Wenn eine forensische Anthropologin Romane über ihre eigene Arbeit schreibt, dann lernen die Leserinnen und Leser auf jeden Fall schon einmal eine ganze Menge über forensische Anthropologie. Dass es möglich ist, diesen Unterricht auch mit einer interessanten Art von Kriminalerzählung zu verbinden, hat Frau Reichs bereits in ihren ersten vier Büchern zweifelsfrei bewiesen, und sie übertrifft hier sicherlich die Arbeit von der bekannteren Patricia Cornwell zumindest im Bereich der jüngeren Werke bei weitem.
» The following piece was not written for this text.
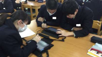 2年5日(火)、3年生の社会科授業では、班ごとに、タブレット端末を活用し、調べ学習を行っています。

Tempe Brennan, die Heldin der vorherigen Romane, befindet sich in Guatemala, um hier bei der Untersuchung von Grabstätten aus der innenpolitisch heißen Phase zu helfen. Während eine wichtige Ausgrabung läuft, werden zwei ihrer Mitarbeiter auf dem Rückweg von Guatemala City überfallen. Einer wird getötet, und die andere Mitarbeiterin ist nach einer  schweren Schussverwundung in einem Koma. Doch Tempe hat nicht viel Zeit sich um diese Dinge zu kümmern, denn sie wird von der Polizei von Guatemala City gebeten, bei der Untersuchung einiger seltsamer Mordfälle zu helfen, bei denen sich auch die Tochter eines kanadischen Diplomaten unter den Opfern zu befinden scheint. Zunächst widerwillig stimmt sie schließlich zu, nur um die ersten Knochen, die sie aus einer Art Senkgrube sichert direkt an Vertreter der guatemaltekischen Polizeibürokratie zu verlieren. Durch die Hilfe eines guatemaltekischen Polizisten namens Galiano, der sich später als ein alter Schulfreund ihres Beinahliebhabers Ryan herausstellt, gelingt es ihr aber trotzdem, die Überreste der Verstorbenen näher in Augenschein zu nehmen. Dabei findet sie auch die Überreste eines Embryos unter den anderen Knochen.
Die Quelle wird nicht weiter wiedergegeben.